A federal judge in Pennsylvania has denied a sports marketing company’s motion to dismiss a complaint brought by The Basketball Marketing Company, Inc. (d/b/a “And 1”) and BMC Players, Inc., which alleged that the sports marketing company violated the terms of the distribution agreement it had with the plaintiff and that it used the defendant’s intellectual property after the contract had expired.
The defendant, Urbanworks Entertainment, had argued that the legal issues should be resolved through arbitration, pursuant to the agreement it had with And 1.
And 1 manufactures, distributes, and sells basketball related services and merchandise, such as footwear, apparel, DVDs, and videos of basketball events, all of which bear And 1’s name, likeness, logos, service marks, designs, trademarks, and copyrighted art work.
On March 1, 2002, And 1 entered into an 18-month Marketing & Manufacturing, Distribution contract with Urbanworks, which called for And 1 to provide a limited, non-exclusive right and license to Urbanworks to use its “trade names, trademarks, service marks, and the names and likenesses of all featured athletes and performer” in connection with the sale of videos and DVDs covering the And 1 Mix Tape Tour. The agreement reserved And 1’s rights, title, and interest in this intellectual property; and required that Urbanworks to obtain And 1’s approval prior to its use in connection with the packaging, advertising, or marketing of products.
In return, And 1 was to receive the net proceeds of the sale of the merchandise, minus certain manufacturing and packing costs, marketing costs, administrative fees, and a distribution fee. To ensure the accurate payment, the agreement required Urbanworks to keep all books and records of all transactions related to the agreement during the term of the agreement and for two years thereafter.
The agreement between And 1 and defendant also contained an arbitration provision.
Toward the end of the agreement, And 1 alleged that the defendant failed both to provide complete and accurate figures regarding revenue information and to justify the various reporting discrepancies. The dispute lingered past the term of the agreement when the And 1 alleged that the defendant continued, without permission, to promote, market, and sell a basketball DVD and other merchandise that utilized plaintiffs’ MIX TAPE trademarks.
And 1 sued on July 2, 2004.
The defendant countered with a motion to dismiss and to compel arbitration on all counts of the complaint.

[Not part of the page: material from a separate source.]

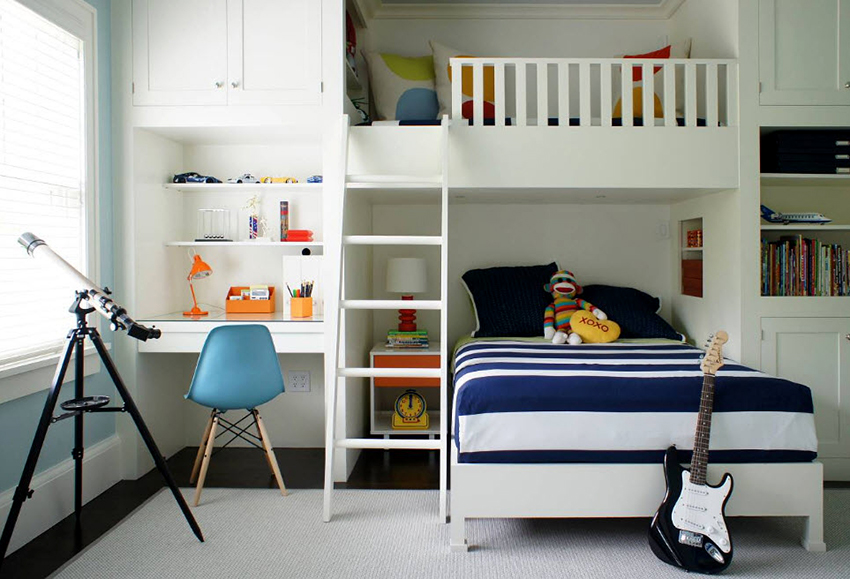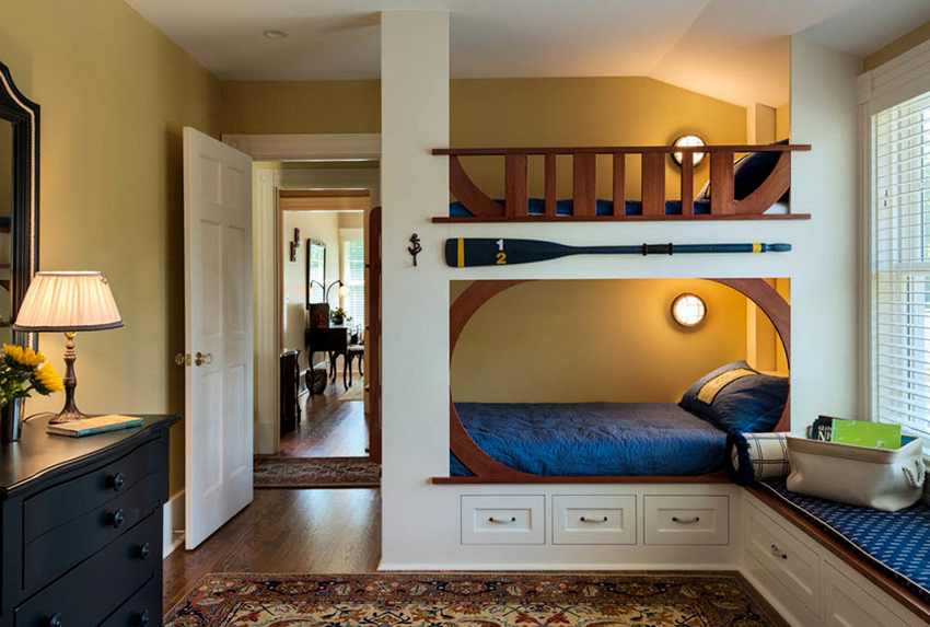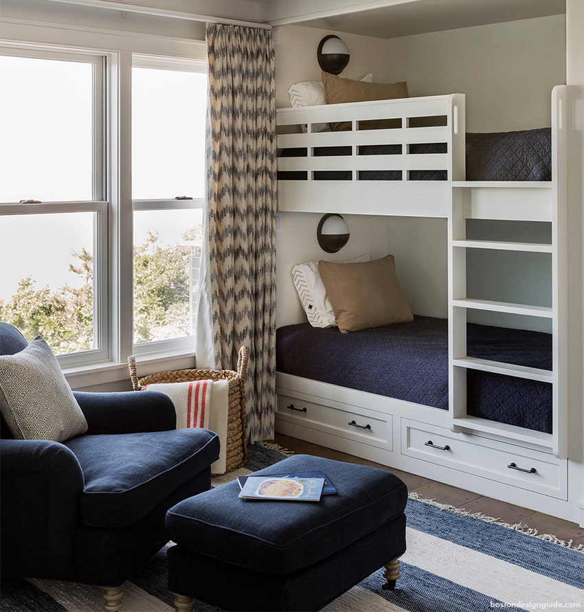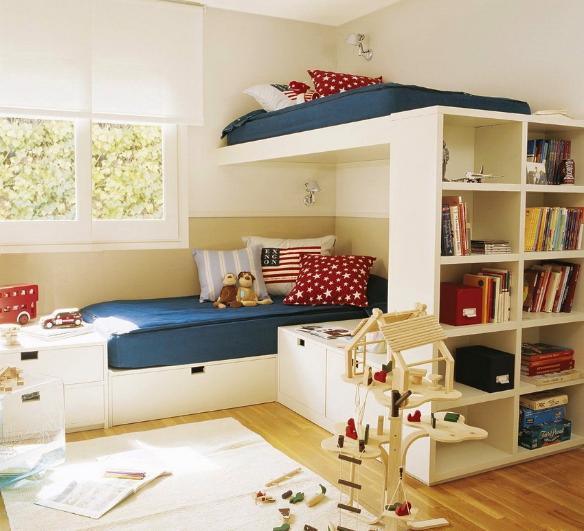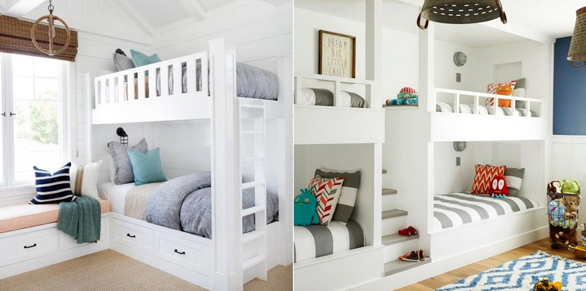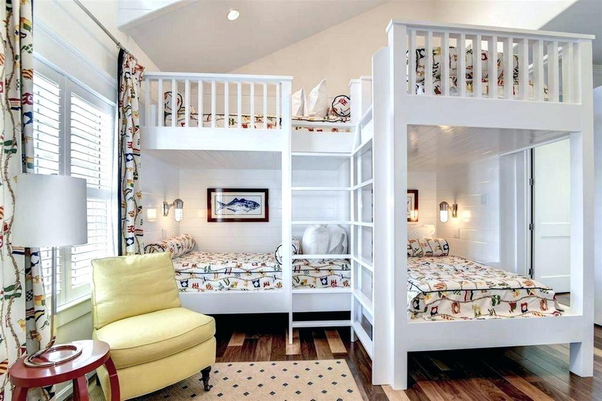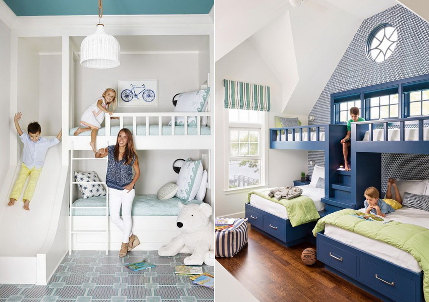 Miejsca do spania mogą być ustawione prostopadle do siebie lub poprzecznie.Ta opcja daje upust wyobraźni do organizacji przestrzeni nocnej, którą można łatwo uzupełnić innymi modułami mebli. Tutaj możesz wyposażyć miejsce pracy w biurko, zorganizować system przechowywania książek, zabawek, ubrań i innych rzeczy. Ciekawe pomysły na aranżację przestrzeni nocnej pokazano na zdjęciu pokoje dziecięce z łóżkiem piętrowym.
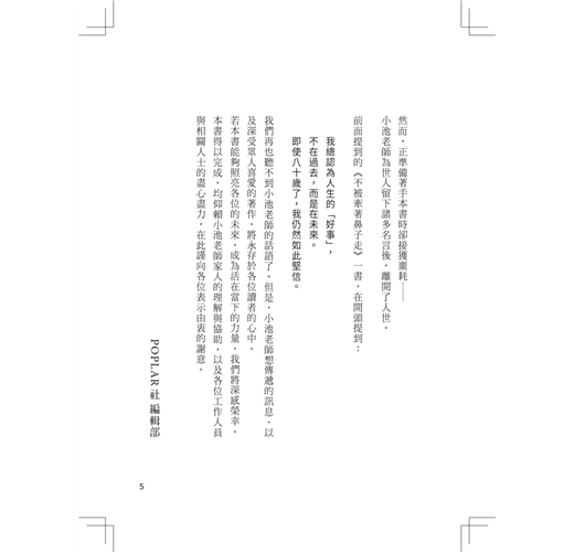 我們再也聽不到小池老師的話語了。但是,小池老師想傳遞的訊息、以及深愛的著作,將永存於各位讀者的心中。

Addressing the arbitration question first, the court relied heavily on Litton Fin. Printing Div. v. NLRB, 501 U.S. 190, 208, 115 L. Ed. 2d 177, 111 S. Ct. 2215 (1991), which provided guidance about whether grievances that arise after the termination of an agreement are subject to an arbitration clause within the expired agreement. Id. at 205.
“Despite this Court’s concerns with applying the Litton standard by analogy to general commercial agreements,” wrote the court in the instant case, “this Court finds the logic expressed in Litton applicable to general contracts. See Litton, 501 U.S. at 208 (noting that the exceptions as to when an arbitration agreement survives ‘is similar to the rule of contract interpretation which might apply to arbitration provisions of other commercial contracts’).”
Thus, Count 1 will be addressed through arbitration.
Turning to the remaining counts in the complaint, the court noted that And 1’s IP claims surfaced after the agreement had expired. “Indeed, the one specific allegation of the misuse of plaintiffs’ intellectual property occurred in May 2004, more than one year after the expiration of the agreement,” wrote the court.
While the legal waters were muddied by the fact that the parties did not explicitly limit the duration of the arbitration clause, the court found that the defendant’s interpretation of the arbitration provision as covering any and all post-agreement disputes “is untenable as a matter of law.”
“The breadth of an arbitration clause is only significant to the extent that the arbitration clause enjoys validity by surviving the expiration of the agreement,” wrote the court. “To conclude otherwise would result in the perpetual arbitrability of all future claims between plaintiff and defendant, thereby undermining the parties’ intent and eviscerating the Litton rationale that the purpose of an arbitration clause ‘s to enforce a contract rather than to transcend it.’Litton, 501 U.S. at 205.”
Thus, the court denied the motion to dismiss and granted the motion to compel arbitration only as it related to Count 1. The Basketball Marketing Co., Inc. at al. v. Urbanworks Entertainment; E.D.Pa.; 04-CV-3179; 11/10/04
Attorneys of Record: (for plaintiffs) Barry L. Cohen, THORP REED AND ARMSTRONG L.L.P., PHILADELPHIA, PA. (for defendant) Salvatore R. Guerriero, CAESAR REVISE, ET AL, PHILA, PA.